• Exercise aim: Please repeat the data exactly. Any picture in it stays out.

• Available data:
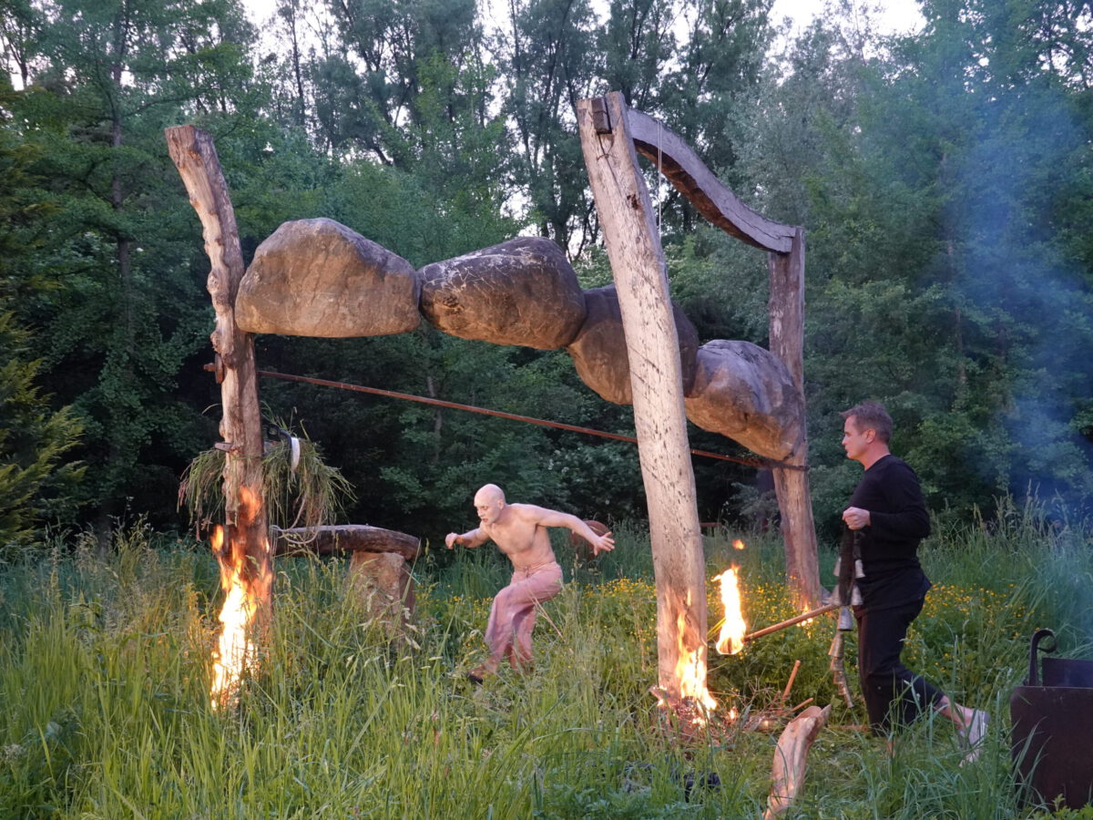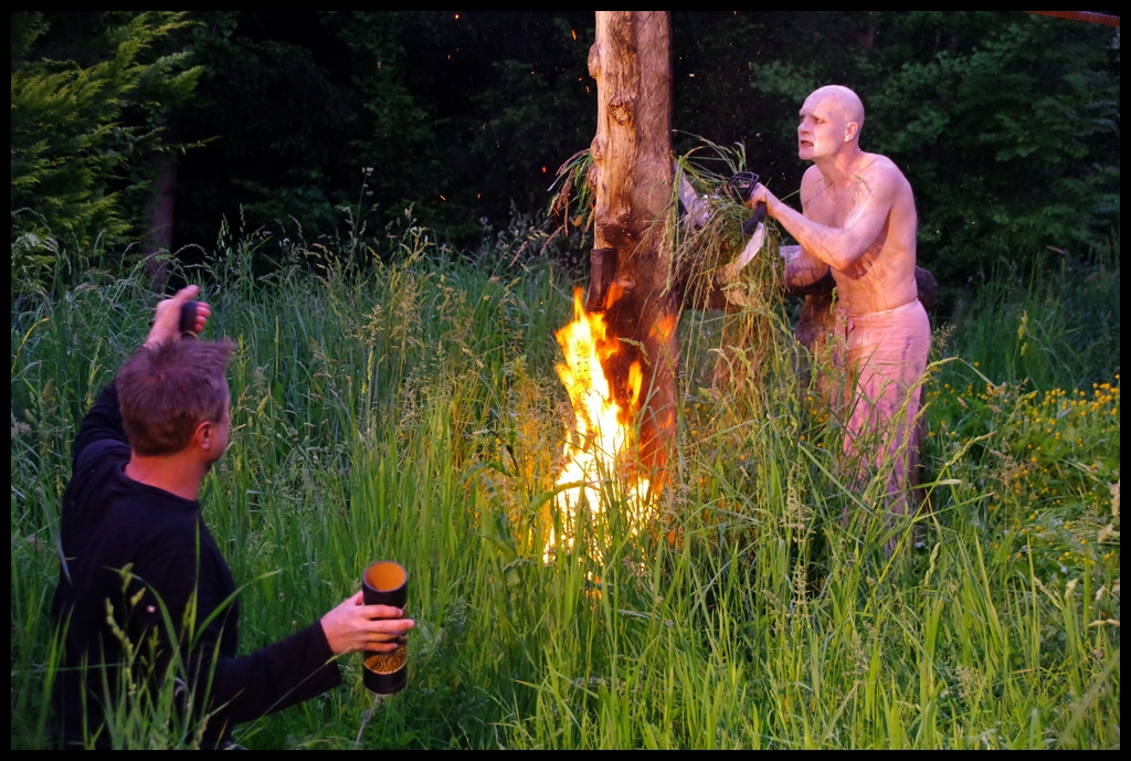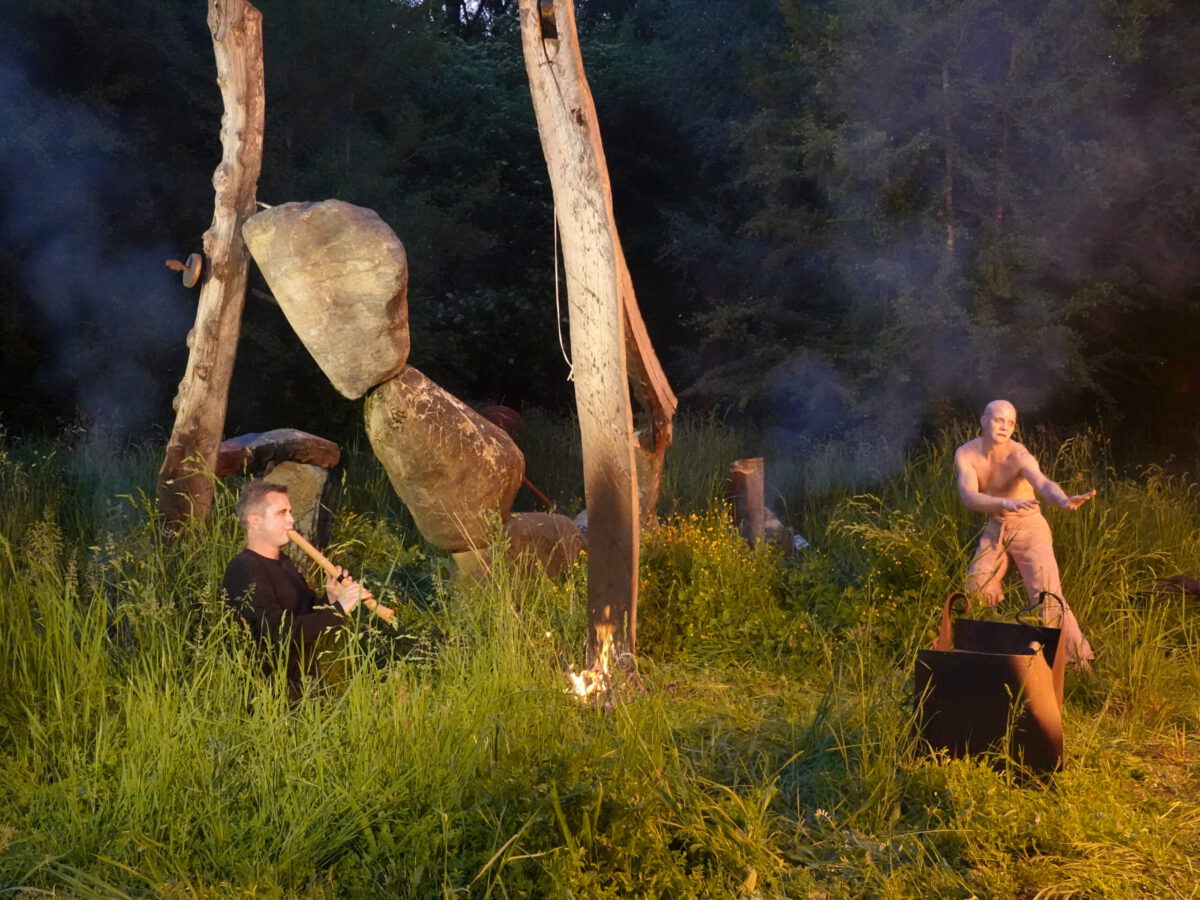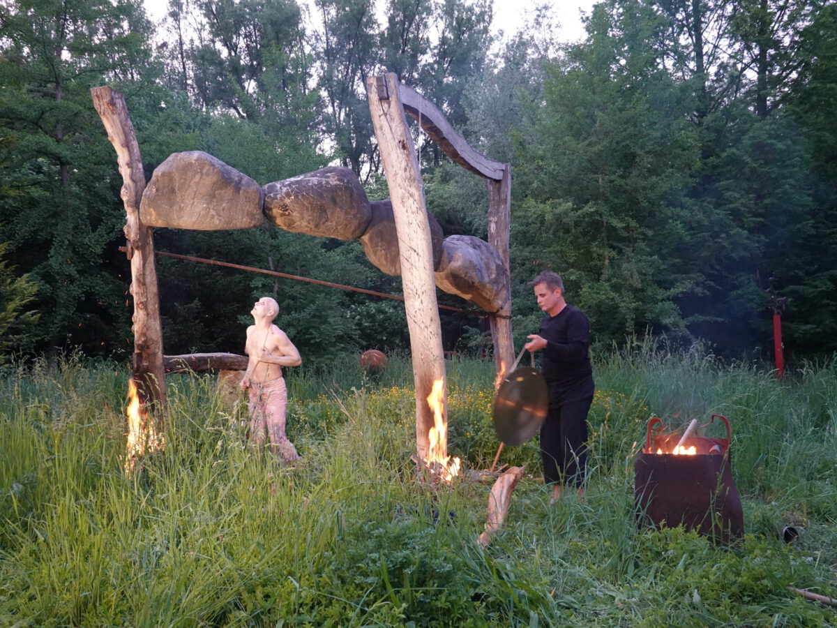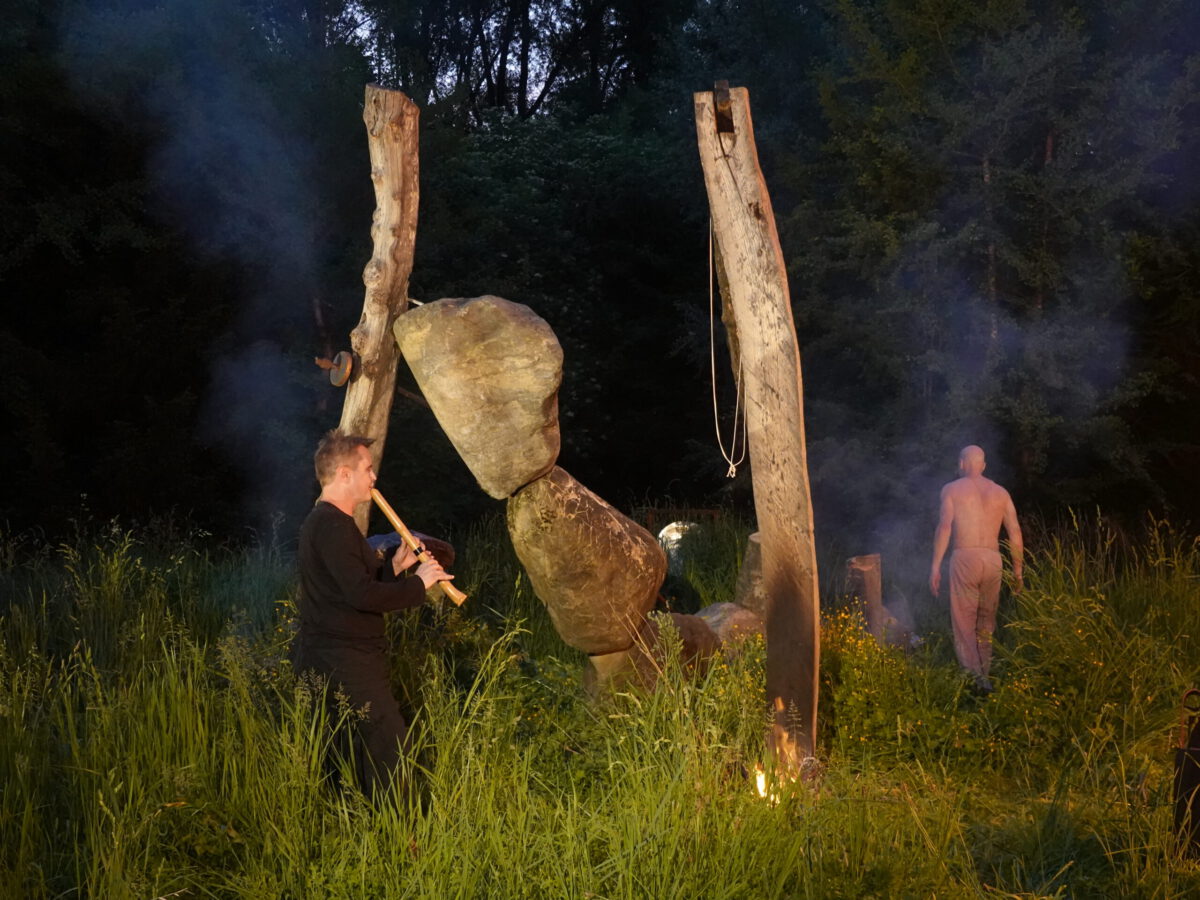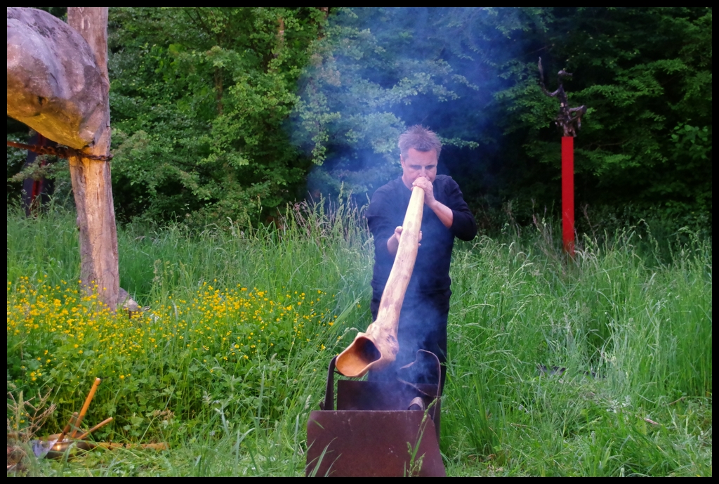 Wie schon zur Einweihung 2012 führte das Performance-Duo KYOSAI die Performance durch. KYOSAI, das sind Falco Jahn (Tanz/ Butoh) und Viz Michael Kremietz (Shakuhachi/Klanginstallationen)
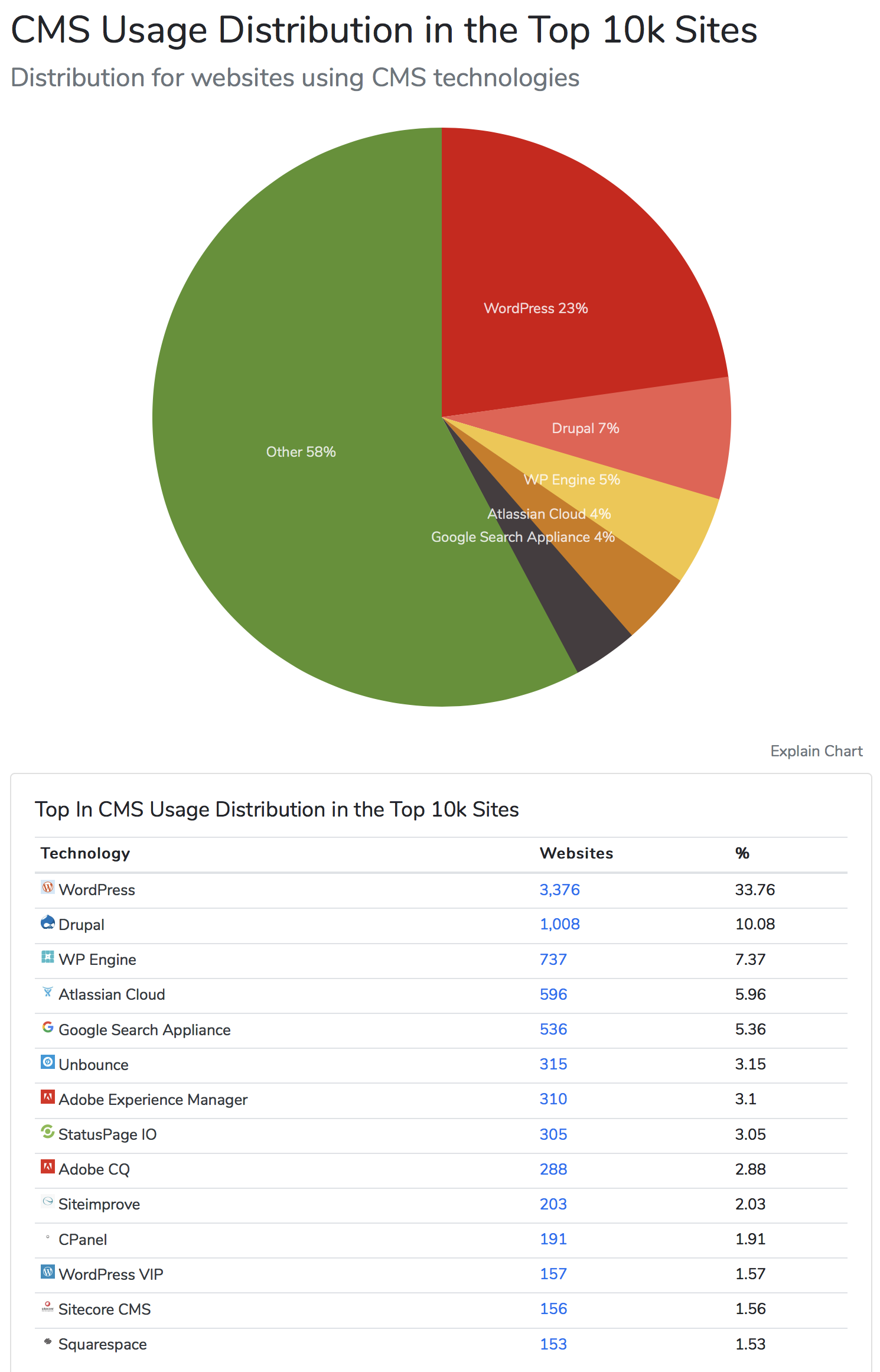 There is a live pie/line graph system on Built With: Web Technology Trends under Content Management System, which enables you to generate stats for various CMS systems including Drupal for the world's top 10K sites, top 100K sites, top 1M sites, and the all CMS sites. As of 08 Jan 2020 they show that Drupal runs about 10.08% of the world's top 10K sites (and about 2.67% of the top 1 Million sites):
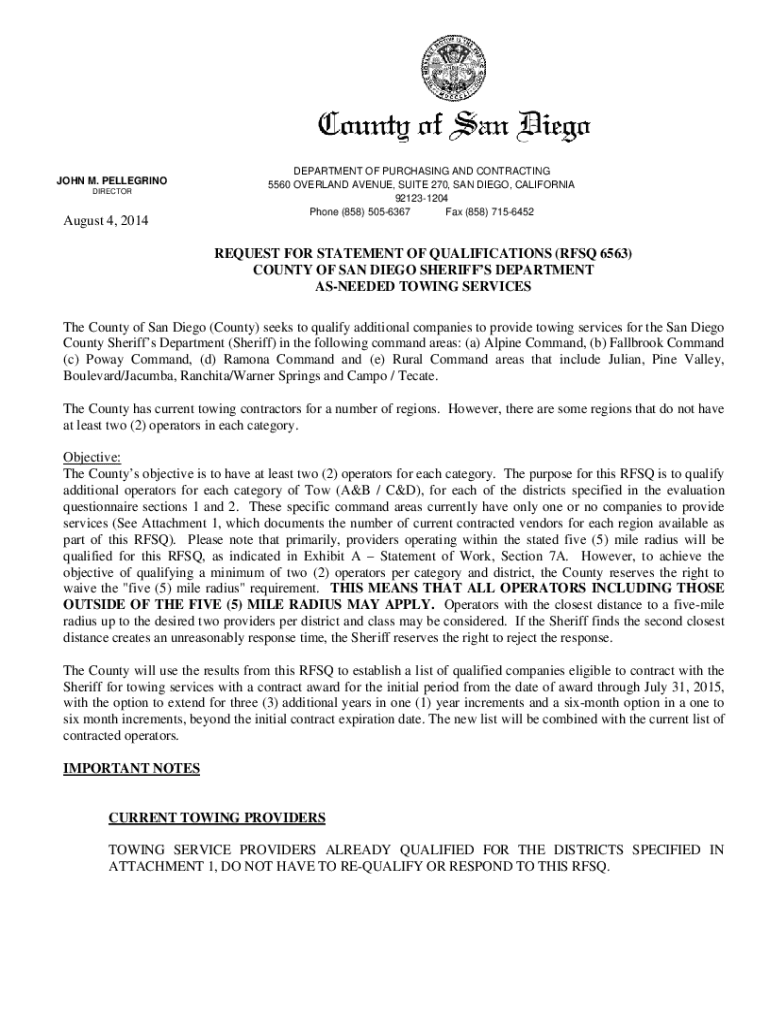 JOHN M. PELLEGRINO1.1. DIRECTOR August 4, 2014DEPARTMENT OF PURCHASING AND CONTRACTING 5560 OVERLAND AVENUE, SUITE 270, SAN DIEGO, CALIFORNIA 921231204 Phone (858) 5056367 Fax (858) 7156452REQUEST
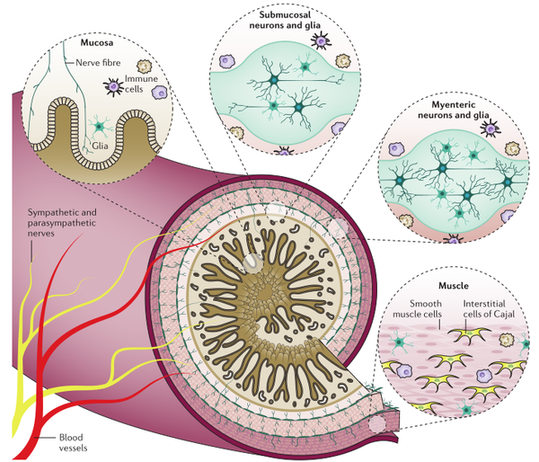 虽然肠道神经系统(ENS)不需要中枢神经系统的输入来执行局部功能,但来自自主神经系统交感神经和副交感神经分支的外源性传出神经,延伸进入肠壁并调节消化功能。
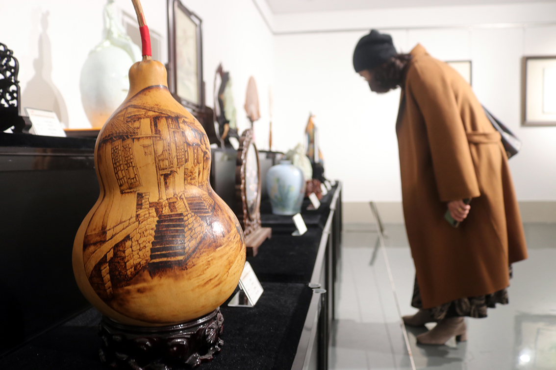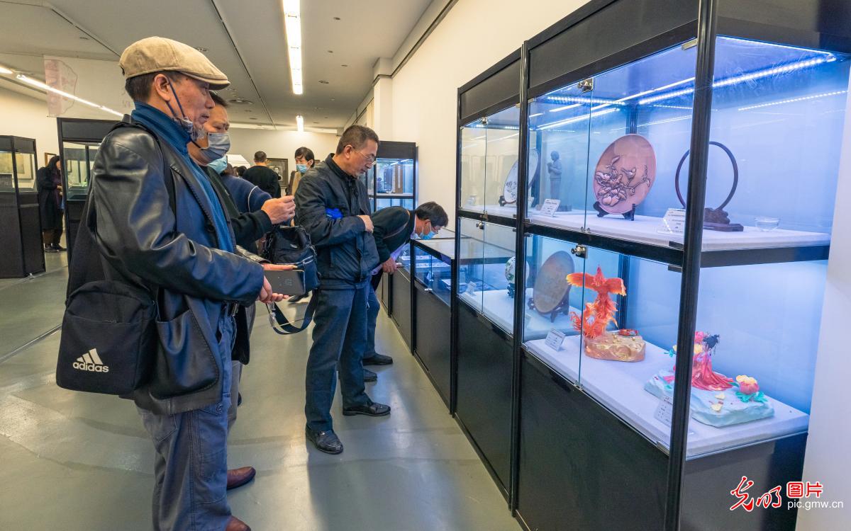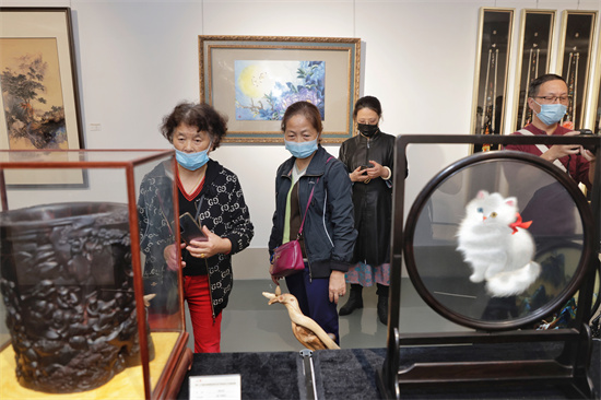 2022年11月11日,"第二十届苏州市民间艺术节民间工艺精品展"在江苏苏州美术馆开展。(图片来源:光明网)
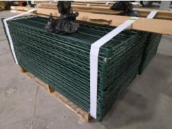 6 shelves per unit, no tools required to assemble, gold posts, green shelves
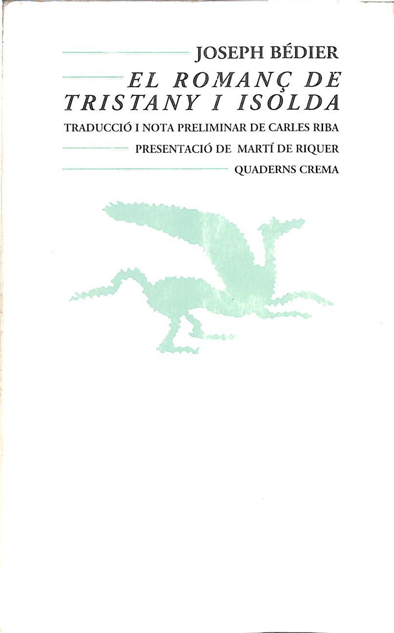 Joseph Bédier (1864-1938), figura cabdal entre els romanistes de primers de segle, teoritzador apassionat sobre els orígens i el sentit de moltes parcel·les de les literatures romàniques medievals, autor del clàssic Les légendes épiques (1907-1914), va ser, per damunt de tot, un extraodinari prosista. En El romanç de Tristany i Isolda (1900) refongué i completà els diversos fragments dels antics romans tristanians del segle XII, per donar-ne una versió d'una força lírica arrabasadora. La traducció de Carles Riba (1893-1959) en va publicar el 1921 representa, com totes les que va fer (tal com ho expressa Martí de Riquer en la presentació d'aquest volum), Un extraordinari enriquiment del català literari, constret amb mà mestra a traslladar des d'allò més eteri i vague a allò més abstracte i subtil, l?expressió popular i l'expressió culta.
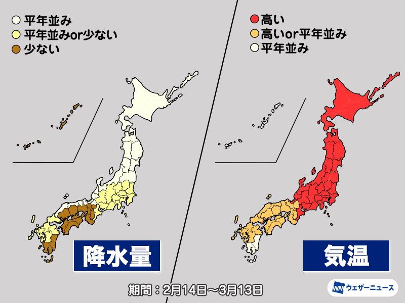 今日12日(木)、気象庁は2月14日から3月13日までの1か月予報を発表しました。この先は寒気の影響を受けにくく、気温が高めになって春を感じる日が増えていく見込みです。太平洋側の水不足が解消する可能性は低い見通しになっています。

• Response area:
 Wie schon zur Einweihung 2012 führte das Performance-Duo KYOSAI die Performance durch. KYOSAI, das sind Falco Jahn (Tanz/ Butoh) und Viz Michael Kremietz (Shakuhachi/Klanginstallationen)
 There is a live pie/line graph system on Built With: Web Technology Trends under Content Management System, which enables you to generate stats for various CMS systems including Drupal for the world's top 10K sites, top 100K sites, top 1M sites, and the all CMS sites. As of 08 Jan 2020 they show that Drupal runs about 10.08% of the world's top 10K sites (and about 2.67% of the top 1 Million sites):
 JOHN M. PELLEGRINO1.1. DIRECTOR August 4, 2014DEPARTMENT OF PURCHASING AND CONTRACTING 5560 OVERLAND AVENUE, SUITE 270, SAN DIEGO, CALIFORNIA 921231204 Phone (858) 5056367 Fax (858) 7156452REQUEST
 虽然肠道神经系统(ENS)不需要中枢神经系统的输入来执行局部功能,但来自自主神经系统交感神经和副交感神经分支的外源性传出神经,延伸进入肠壁并调节消化功能。
 2022年11月11日,"第二十届苏州市民间艺术节民间工艺精品展"在江苏苏州美术馆开展。(图片来源:光明网)
 6 shelves per unit, no tools required to assemble, gold posts, green shelves
 Joseph Bédier (1864-1938), figura cabdal entre els romanistes de primers de segle, teoritzador apassionat sobre els orígens i el sentit de moltes parcel·les de les literatures romàniques medievals, autor del clàssic Les légendes épiques (1907-1914), va ser, per damunt de tot, un extraodinari prosista. En El romanç de Tristany i Isolda (1900) refongué i completà els diversos fragments dels antics romans tristanians del segle XII, per donar-ne una versió d'una força lírica arrabasadora. La traducció de Carles Riba (1893-1959) en va publicar el 1921 representa, com totes les que va fer (tal com ho expressa Martí de Riquer en la presentació d'aquest volum), Un extraordinari enriquiment del català literari, constret amb mà mestra a traslladar des d'allò més eteri i vague a allò més abstracte i subtil, l?expressió popular i l'expressió culta.
 今日12日(木)、気象庁は2月14日から3月13日までの1か月予報を発表しました。この先は寒気の影響を受けにくく、気温が高めになって春を感じる日が増えていく見込みです。太平洋側の水不足が解消する可能性は低い見通しになっています。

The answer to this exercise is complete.